Dataset excerpt ▸
↓

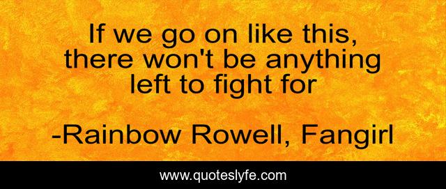 This page presents the quote "If we go on like this, there won't be anything left to fight for". Author of this quote is Rainbow Rowell, Fangirl. This quote is about worth, fighting, fight,.
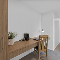 A second hallway leads to a well-appointed separate laundry with ample storage, the remaining double bedrooms, and the master suite with its expansive walk-in wardrobe and tiled ensuite. The family bathroom has full tiling, a standalone bath, a separate toilet, and LED lighting in both bathrooms. A thoughtfully placed study nook, complete with a built-in desk, drawers, and shelving, rounds out this intelligently designed home.
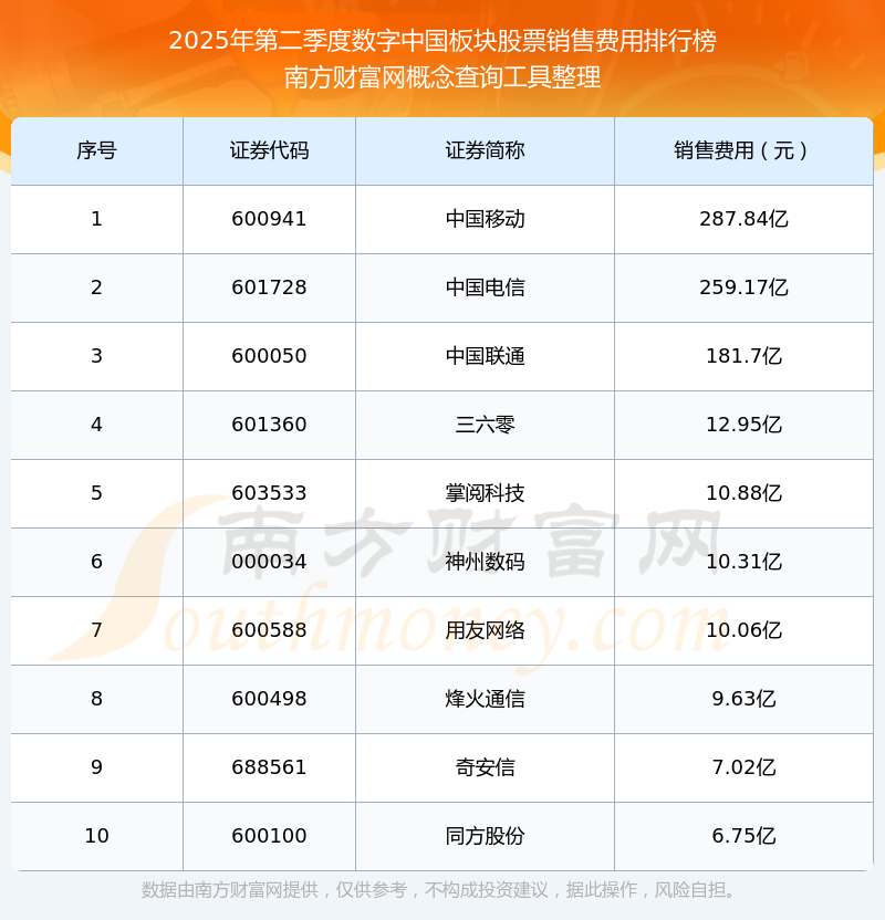 2025年第二季度,數(shù)字中國(guó)板塊股票銷售費(fèi)用排名中,中國(guó)移動(dòng)(600941)銷售費(fèi)用總額高達(dá)287.84億,中國(guó)電信(601728)和中國(guó)聯(lián)通(600050)排名第二和第三,三六零(601360)、掌閱科技(603533)、神州數(shù)碼(000034)、用友網(wǎng)絡(luò)(600588)、烽火通信(600498)、奇安信(688561)、同方股份(600100)進(jìn)入前十,銷售費(fèi)用總額分別排名第4-10名。

↑

Your objective ▸ To answer, repeat exactly the lines from the line containing "A second hallway" through the last line of the data above, leaving out all pictures.

Solution below ▸
 A second hallway leads to a well-appointed separate laundry with ample storage, the remaining double bedrooms, and the master suite with its expansive walk-in wardrobe and tiled ensuite. The family bathroom has full tiling, a standalone bath, a separate toilet, and LED lighting in both bathrooms. A thoughtfully placed study nook, complete with a built-in desk, drawers, and shelving, rounds out this intelligently designed home.
 2025年第二季度,數(shù)字中國(guó)板塊股票銷售費(fèi)用排名中,中國(guó)移動(dòng)(600941)銷售費(fèi)用總額高達(dá)287.84億,中國(guó)電信(601728)和中國(guó)聯(lián)通(600050)排名第二和第三,三六零(601360)、掌閱科技(603533)、神州數(shù)碼(000034)、用友網(wǎng)絡(luò)(600588)、烽火通信(600498)、奇安信(688561)、同方股份(600100)進(jìn)入前十,銷售費(fèi)用總額分別排名第4-10名。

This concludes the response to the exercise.